Boosting productivity in food and drink is key to UK economic growth

By Michelle Perrett

- Last updated on GMT

A successful food and drink industry is key to boosting economic growth
A successful food and drink industry is key to boosting economic growth

Related tags Supply chain

Boosting the food and drink supply chain’s productivity is key to increasing UK economic growth, a new report from IGD has revealed.

Its latest Viewpoint report: Three productivity gaps for UK food and drink ​revealed a number of productivity ‘gaps’ facing the supply chain. It highlighted the weak national productivity growth, labour productivity and low productivity growth in food retail and eating out. 

“This is not a new problem; productivity gains in the UK have been slow since the 2008-09 recession.
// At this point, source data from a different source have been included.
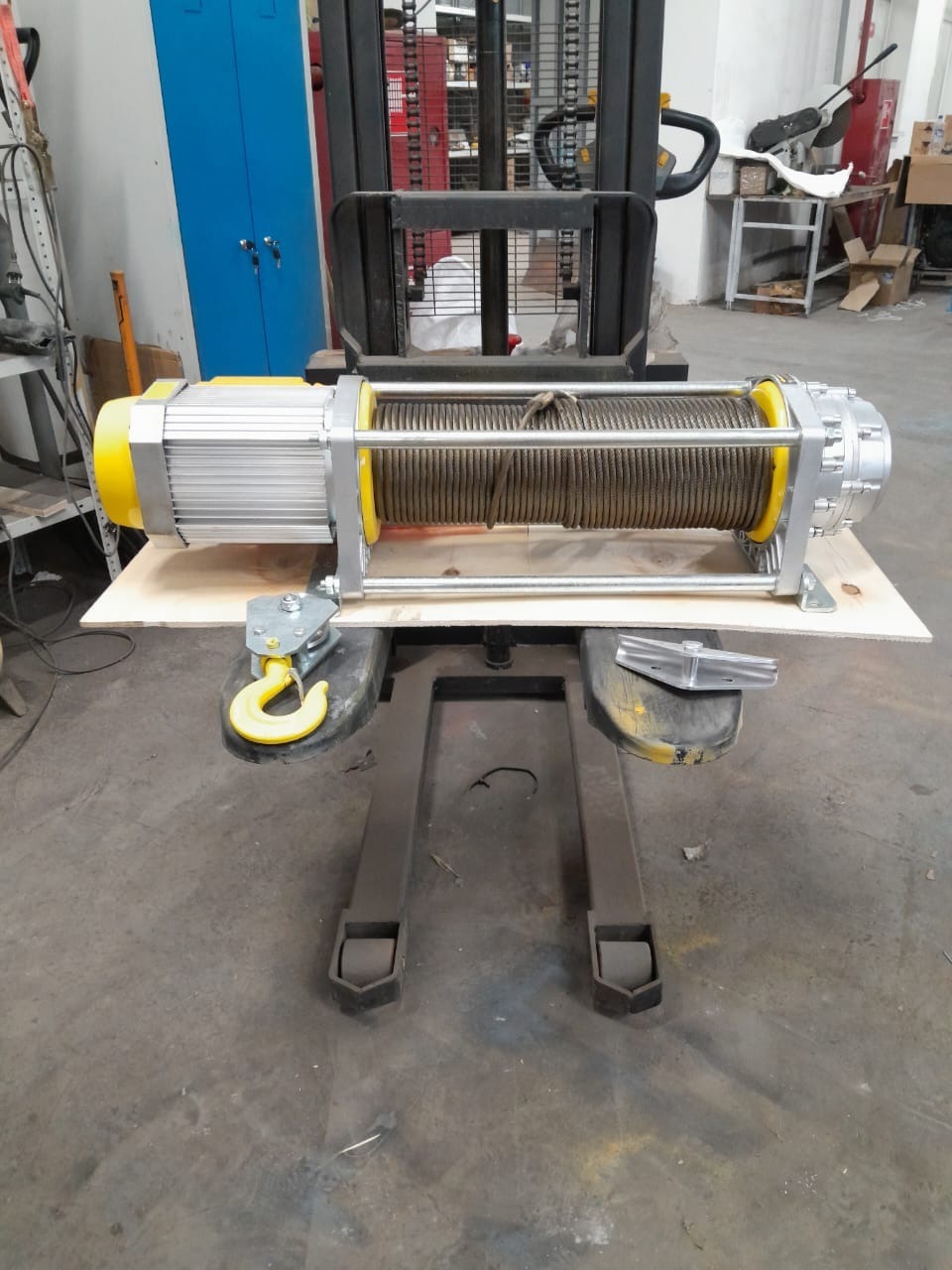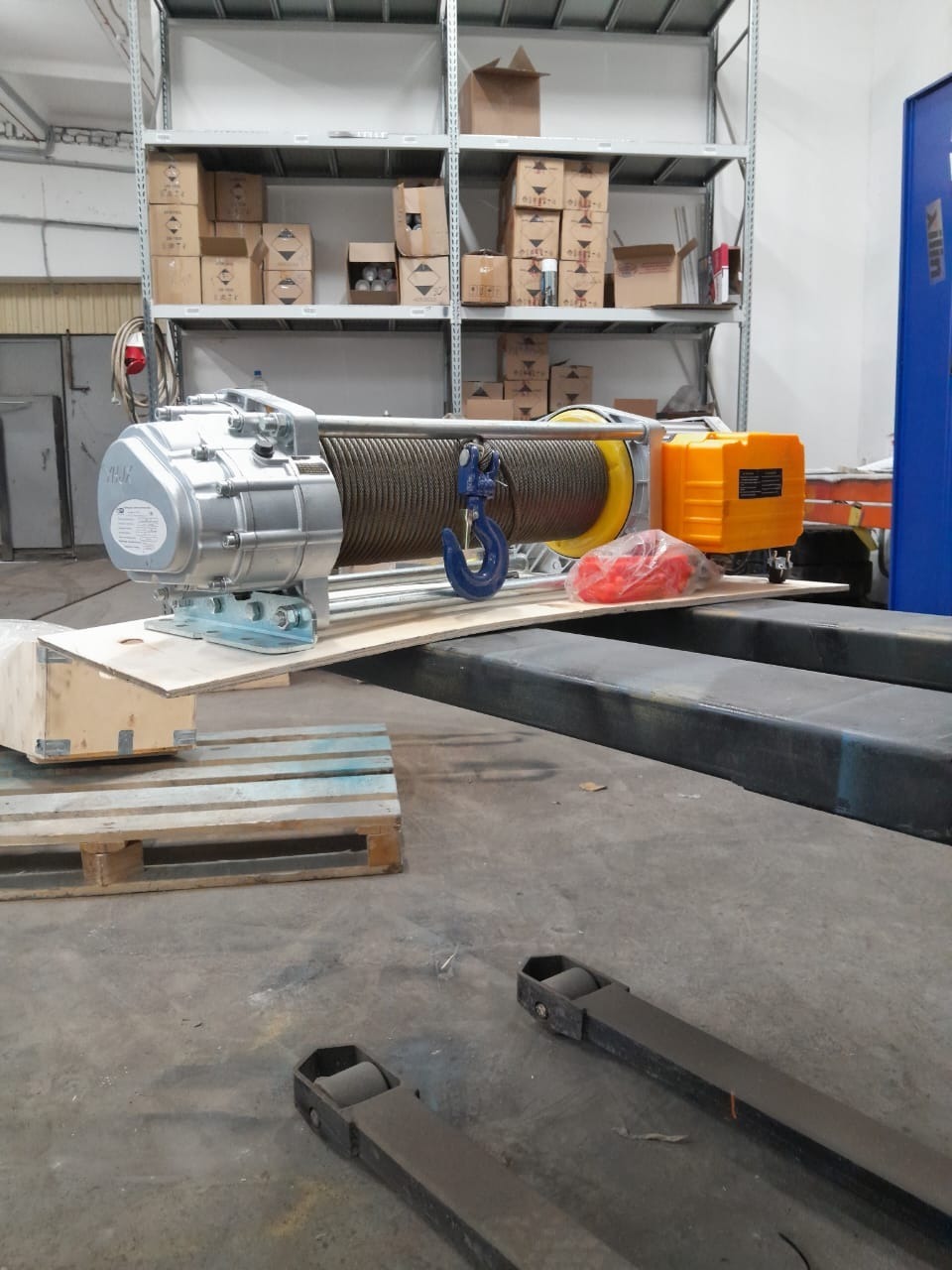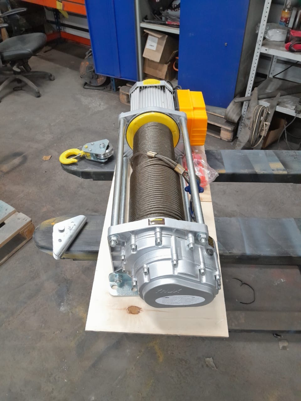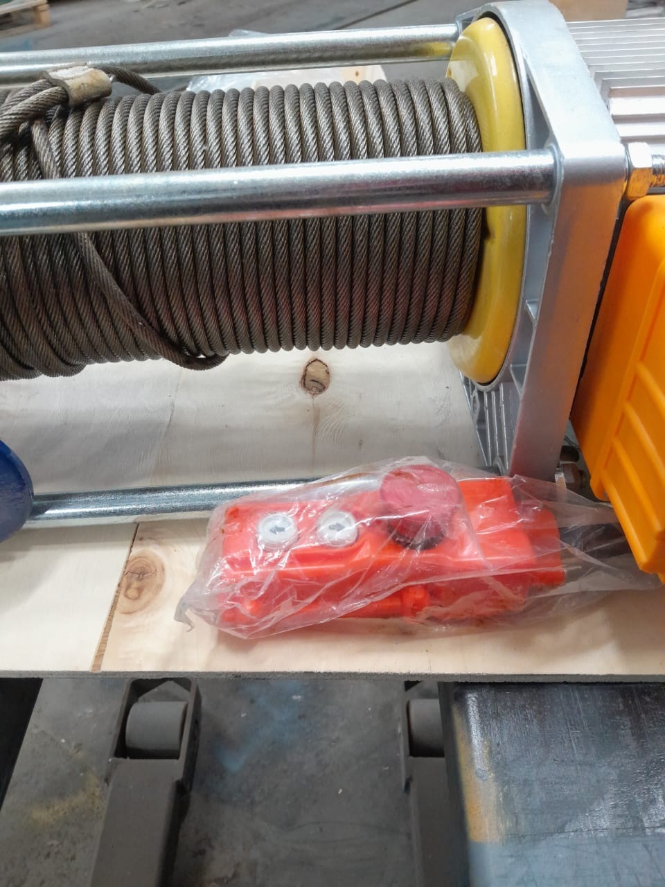 Лебедка комплектуется стальным тросом диаметром 8 мм длиной 30, 70 или 100 м, а также пультом управления и крюковой подвеской.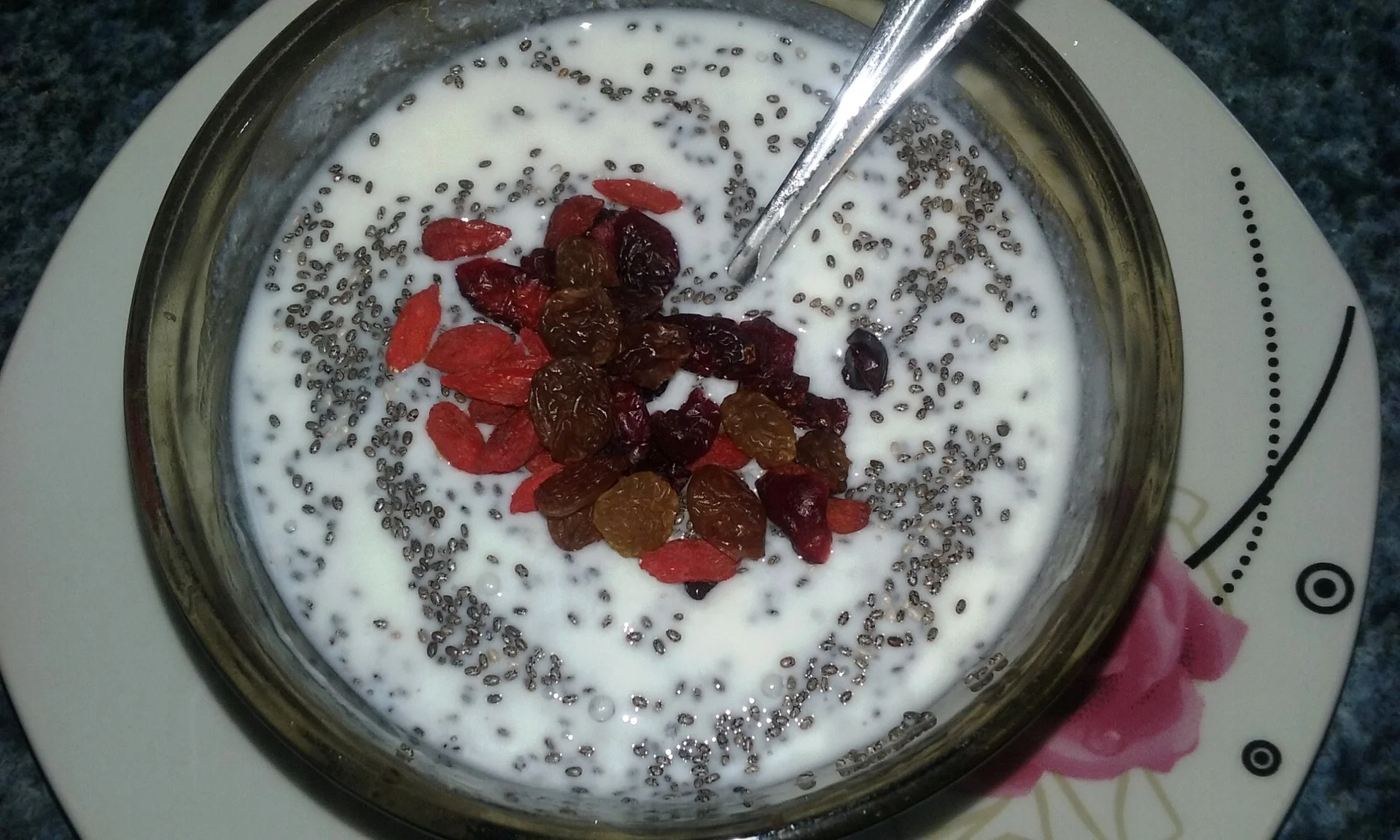 yogurt pudding with chia and dried fruits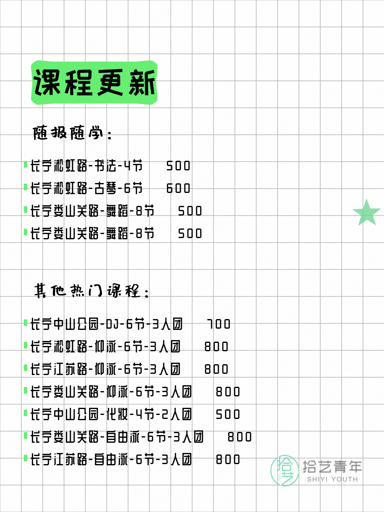 💡 提示:以上课程信息来自拾艺青年小程序,课程可能随报名动态变化,具体以小程序实时信息为准。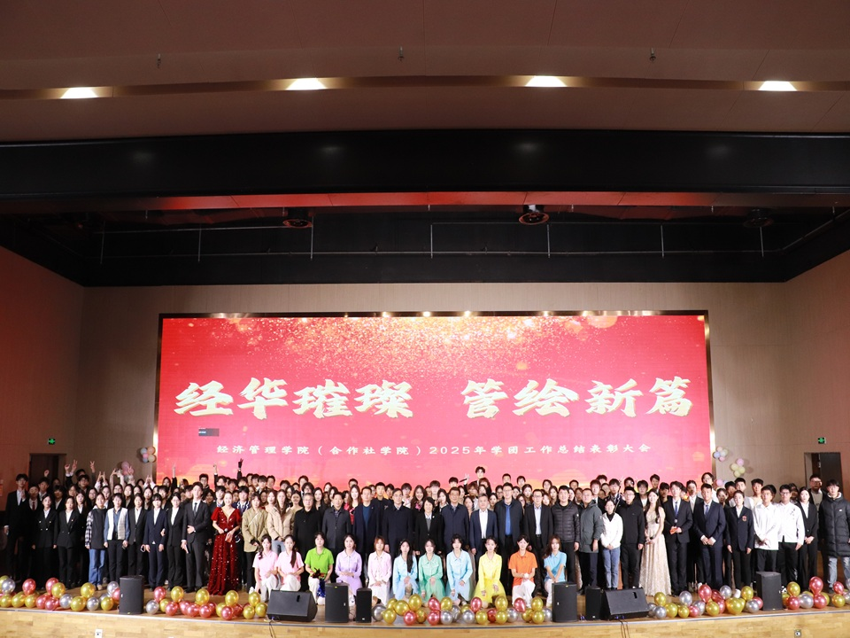 12月16日,青岛农业大学经济管理学院(合作社学院)在平度校区大学生创业中心举行“经华璀璨,管绘新篇”2025年学团工作总结表彰大会。校党委副书记刘春霞出席会议,学校相关单位负责人,学院负责人、学团工作人员和学生代表参加大会。

However, other economies in Western Europe, which were also hit hard, have restored productivity growth, moving faster than the UK. This productivity gap suggests the UK faces particular challenges,”​ said ​James Walton, chief economist at IGD


“Compared to other developed food and drink markets in Western Europe, labour productivity in the UK supply chain is unremarkable. Food and drink supply chains in peer countries have seen better labour productivity gains over the last decade, leaving the UK behind. This has created a second productivity ‘gap’ and if nothing is done, the UK supply chain may continue to lose ground.”

The report revealed that productivity growth in the UK food and drink supply chain is lowest in retail and eating out. Resolving this third gap could allow the supply chain to deliver better value to consumers; especially vital in the current cost-of-living crisis, the report added. 

Not a 'single issue'

Walton said that there is not “a single issue with a single solution.”

“Improved productivity in the UK food and drink supply chain is needed to address several of these business concerns. If this was achieved, consumers could benefit by seeing increased food security, because the UK would be less reliant on imports, and lower food prices by removing unnecessary business costs. The food and consumer goods industry would also be less vulnerable to labour challenges,”​ he added.